Hardball
Press Children’s
Division Offers Bi-Lingual Titles on Equality, Strength, Sharing
Book review by John Pietaro
Hats Off for
Gabbie / Aplauso para Gaby!
Written by Marivir R. Montebon,
Illustrationj by Yana Murashko, Translation y Laura Flores
(Hardball
Press, 2016)
The Cabbage
That Came Back / El Repollo Que Volvio
Written by Stephen Pearl, Illustration
by Rafael Pearl, Translation by Sara Pearl
(Hardball
Press, 2016)
With the addition of these two releases, the
children’s division of independent, progressive publisher Hardball Press is
running eight-strong. The series is unified by engaging, moving tales of
growth, self-realization and visions of social justice with a strong focus on
multi-culturalism: each title is published in both English and Spanish. But the
publisher is sure to avoid the preachiness that can be associated with such a
mission. Instead the text is clearly driven by the experiences and expanse of
the child’s world and Hardball’s artwork is inviting and often compelling.
With Hats Off
for Gabbie! / Aplauso para Gaby! Hardball
brings us the ongoing fight for identity and equality via the tale of an eight
year-old girl wishing to become a member of the local Little League baseball
team. She is confronted with open sexism when the dismissive team coach tells
her, “This is for boys only”. Confronted with exclusion, Gabbie and her friend
divisive a plan to have her try out for the team, in essence, in drag.
Disguised as a boy, her athletic talents immediately earn her a place on the
team, and when in a tight game her batting skills are put to the test, she
scores the winning home run. And then in coming forward with the reality of her
gender, Gabbie liberates the team for girl athletes.

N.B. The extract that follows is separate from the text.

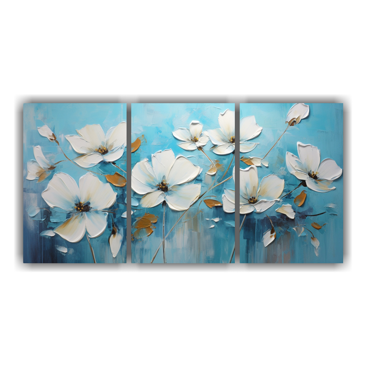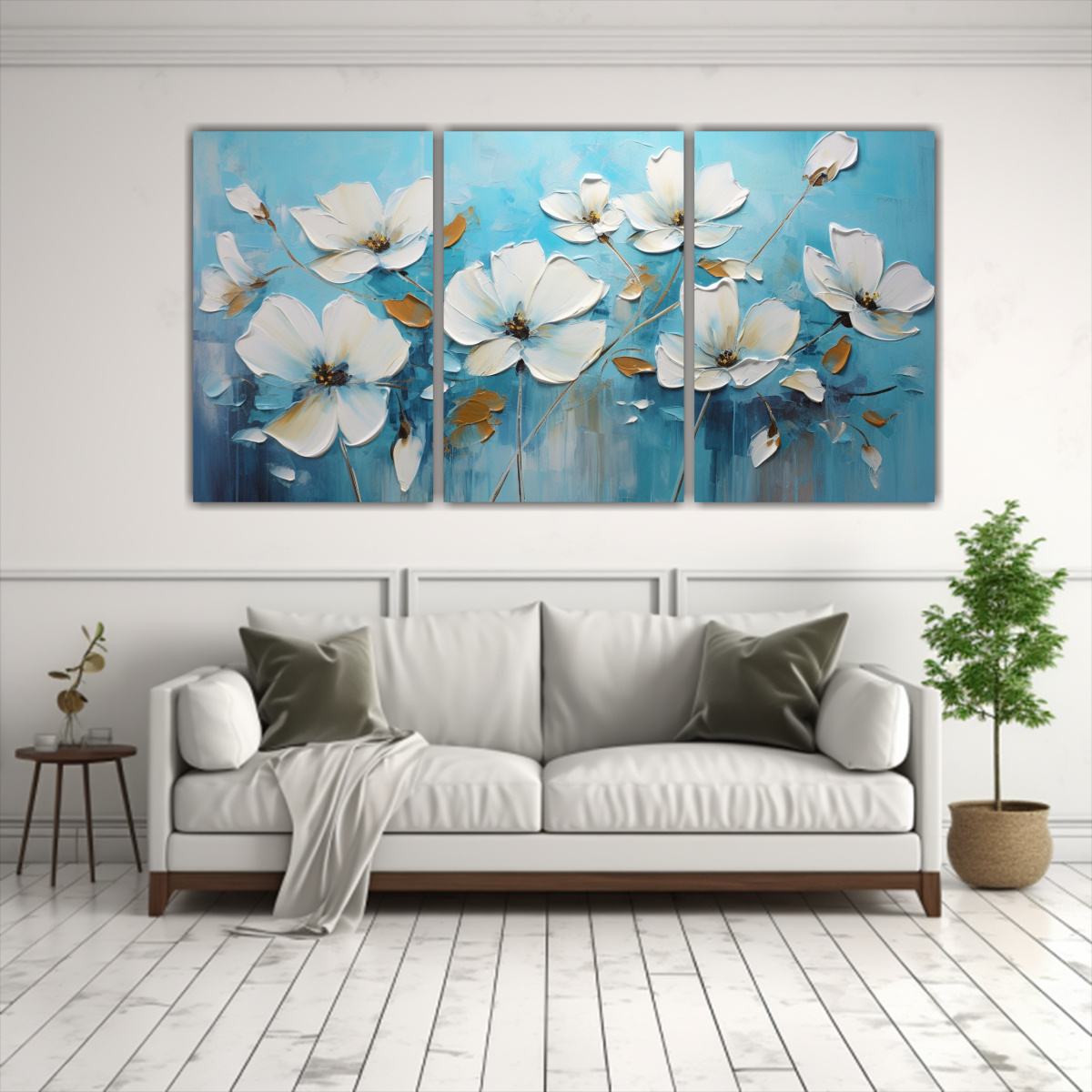 Cuadros Modernos De Flores En Estilo Urbano A Colores Cyan En Lienzo
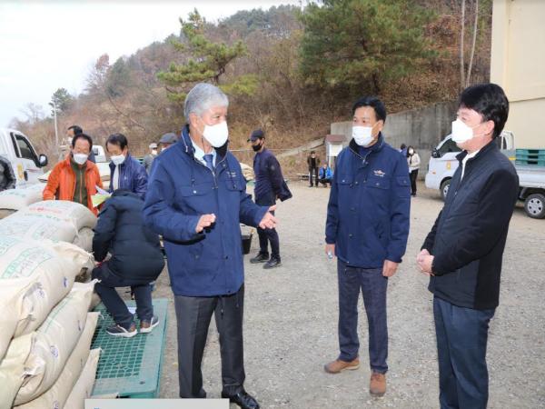 문정우 금산군수는 지난 18일 2020년산 공공비축미곡 건조벼 수매현장을 찾아 올해 쌀 작황과 수매에 대한 현장 애로사항을 청취하고 농업인들을 격려했다.

The core story is an important one for girls who have
so often been left out of team sports, but there is room for this to be
symbolic of one’s journey for self-actualization: following both her victorious
moment and acceptance by the coach, “Gabbie made a promise to herself to always
tell the truth”. This is an empowering statement in any context.
The
Cabbage That Came Back / El Repollo Que Volvio offers another important moral, selflessness.
Here, in the face of a winter colder and more snow-filled than she’d known
before, a rabbit is desperately seeking to find vegetation to eat. Discovering
two heads of cabbage in the frozen landscape, she brings them home and feasts
on the first. Considering a neighbor she believes to be hungry, she gives the
second cabbage to the hedgehog. Multiple times, the cabbage is given away to
the next animal bearing winter’s famine, but when each realizes that she has
enough food, they give it to another. Eventually it returns to the rabbit, an
apparent reward for her kindness to others in need. The symbolism of outreach
and sharing is center-stage and brings the concept to children in an inviting
and gentle manner: the rabbit could not
rest having two if she believed others didn’t have any. With our recent
election and its coming fallout, this timely morality story may become a necessary
tool in a field of disconnect, isolation and divisiveness.